NASA’s engineers at Marshall Space Flight Center in Huntsville, Alabama, purposefully pushed the world’s largest rocket fuel tank beyond its design limits on 5th Dec 2019. The test version of the Space Launch System rocket’s liquid hydrogen tank withstood more than 260% of expected flight loads over 5 hours before engineers detected a buckling point, which then destroyed. The test took place at approximately 11 p.m. The chief engineer of the SLS Stages Office at Marshall, Neil Otte said, “We purposely took this tank to its extreme limits and broke it because pushing systems to the point of failure gives us additional data to help us build rockets intelligently”.
Success! Engineers @NASA_Marshall tested the @NASA_SLS liquid hydrogen test article tank to failure – the tank withstood more than 260% of expected flight loads before buckling and rupturing! #Artemis MORE: https://t.co/xznmov26FP pic.twitter.com/qAIyapEJA5
— Jim Bridenstine (@JimBridenstine) December 9, 2019
Otte said, “We will be flying the Space Launch System for decades to come and breaking the propellant tank today will help us safely and efficiently evolve the SLS rocket as our desired missions evolve”. The test on 5th Dec, conducted using a combination of gaseous nitrogen for pressurization and hydraulics for loads. It pushed the tank to the limits by exposing it to higher forces that caused it to break as engineers predicted. Previous tests at Marshall certified the tank for both the current version of the SLS (Block 1 version), which will use an upper stage called the Interim Cryogenic Propulsion Stage. The Block 1B version will replace the ICPS with the more powerful Exploration Upper Stage.

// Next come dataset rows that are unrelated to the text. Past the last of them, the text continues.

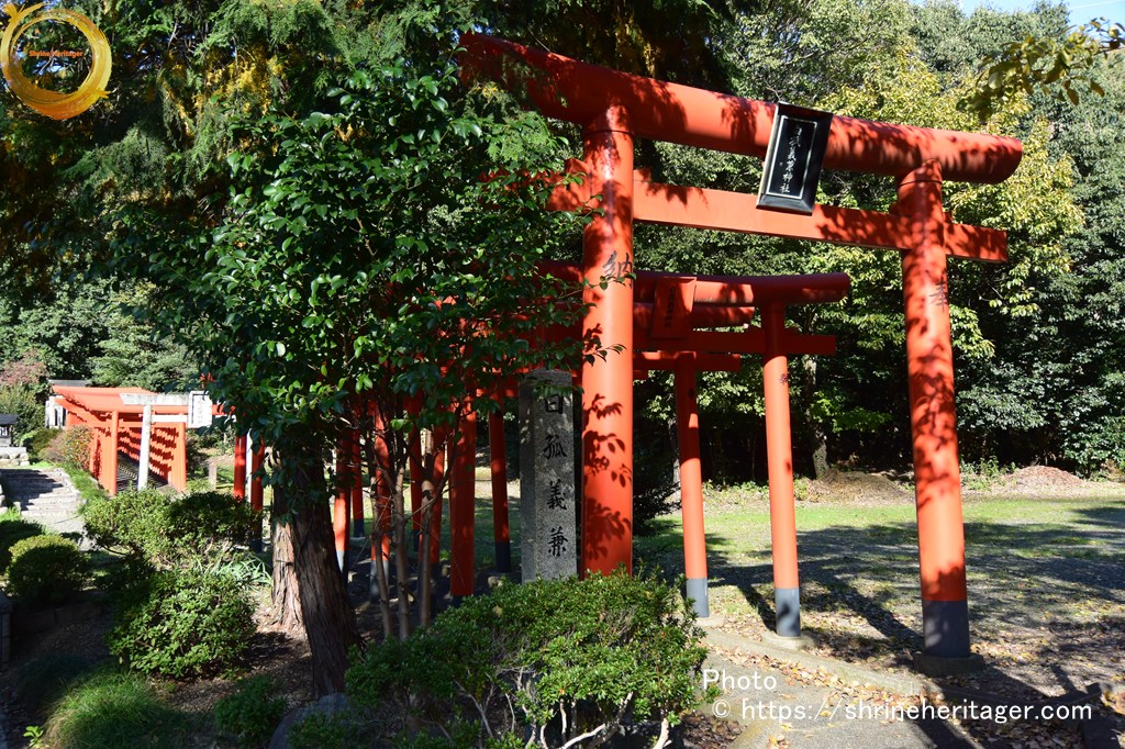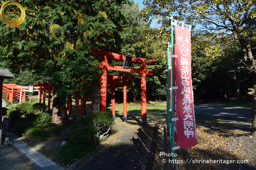 向かって右奥には 稲荷の赤鳥居が見えています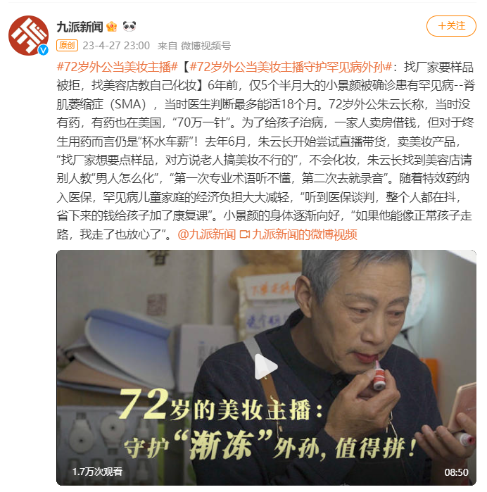 72-летний мужчина из Китая растопил сердца миллионов после того, как стало известно, что он проводит большую часть своего времени, продвигая в Интернете косметику и другие косметические товары, чтобы лечить своего больного внука.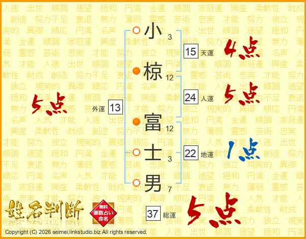 小椋富士男さんの総運は37画の5点!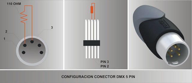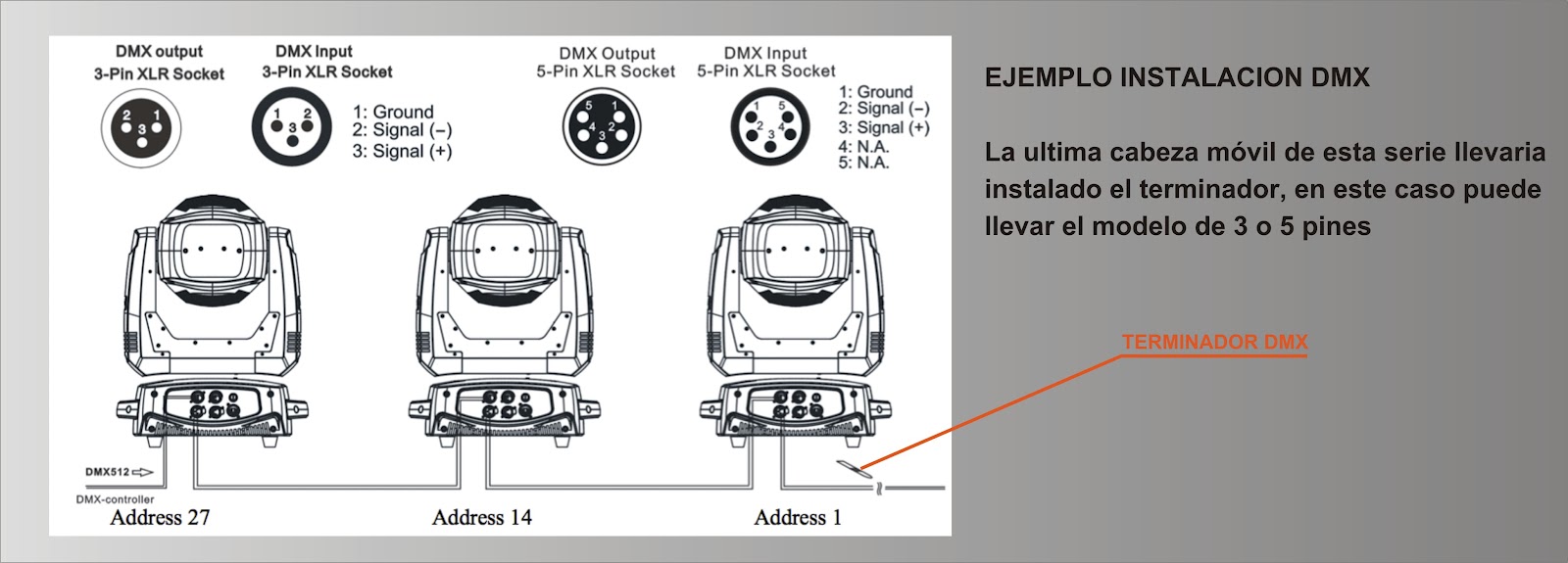 terminador de señal DMX” que se trata de una resistencia de 110 ohm que cierra el circuito. Para instalaciones donde el
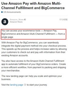 7月12日消息,日前,亚马逊美国站发布公告称卖家现在可以在同一页面结合使用Amazon Pay、BigCommerce和Amazon Multi-Channel Fulfillment这三个电商工具。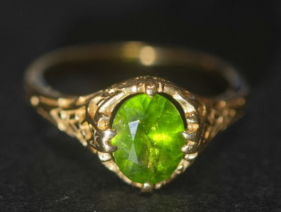 仏刻印アールヌーヴォー約1.5ctデマントイドガーネット(ホーステール)フィリグリーリング(鑑定書付)【ra158】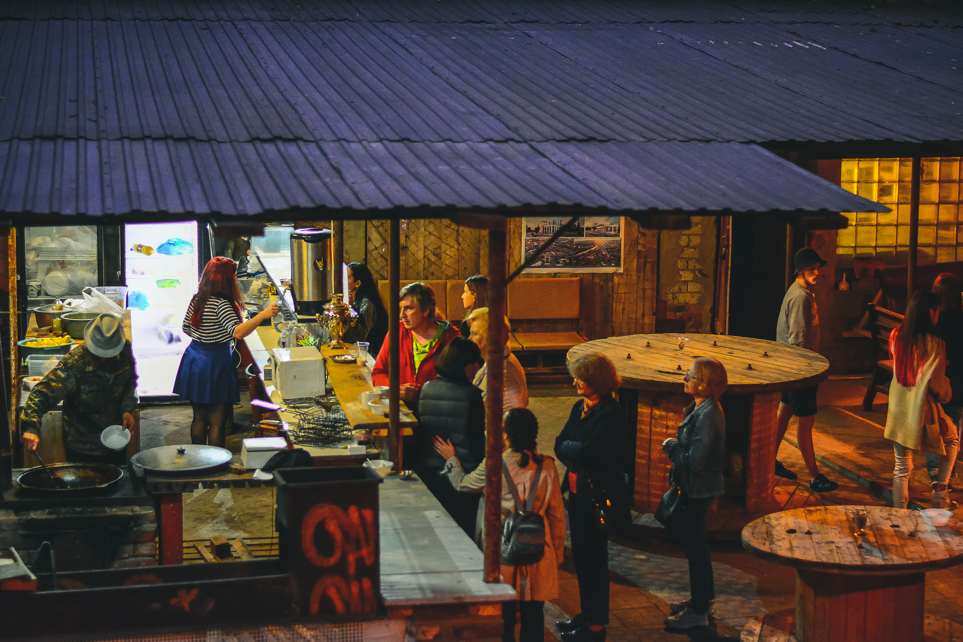 И вот на улице уже стемнело, людей становится больше, зажигается свет, играет музыка. Самое время подняться на крышу и взглянуть на ночной город. Сверху видно всю площадку, весь контраст происходящего. Тут всё, от тонко одетых дам до байкеров. Все эти люди вряд ли бы встретились в обычной жизни, но здесь они все вместе, делятся впечатлениями и находят удовольствие в общение друг с другом. Внизу растянулся уютный фудкорт, где всё очень вкусно и по-домашнему. В день города организаторы не лишили гостей удовольствия насладиться салютом и вечеринкой, продолжавшейся до самого утра.

Marshall’s lead test engineer for the tank, Mike Nichols said, “This final tank test marks the largest-ever controlled test-to-failure of a NASA rocket stage pressurized tank. This data will benefit all aerospace companies designing rocket tanks”. NASA and Boeing engineers simulated liftoff and flight stresses on a test version of the Space Launch System liquid hydrogen tank for all the tests and it is structurally identical to the flight tank. They used large hydraulic pistons to deliver millions of pounds of punishing compression, tension and bending forces on the robust test tank throughout the tests in Marshall’s 215-foot-tall test stand. The test tank was fitted with thousands of sensors to measure stress, pressure, and temperature. There were high-speed cameras and microphones to capture every moment to identify buckling or cracking in the cylindrical tank wall.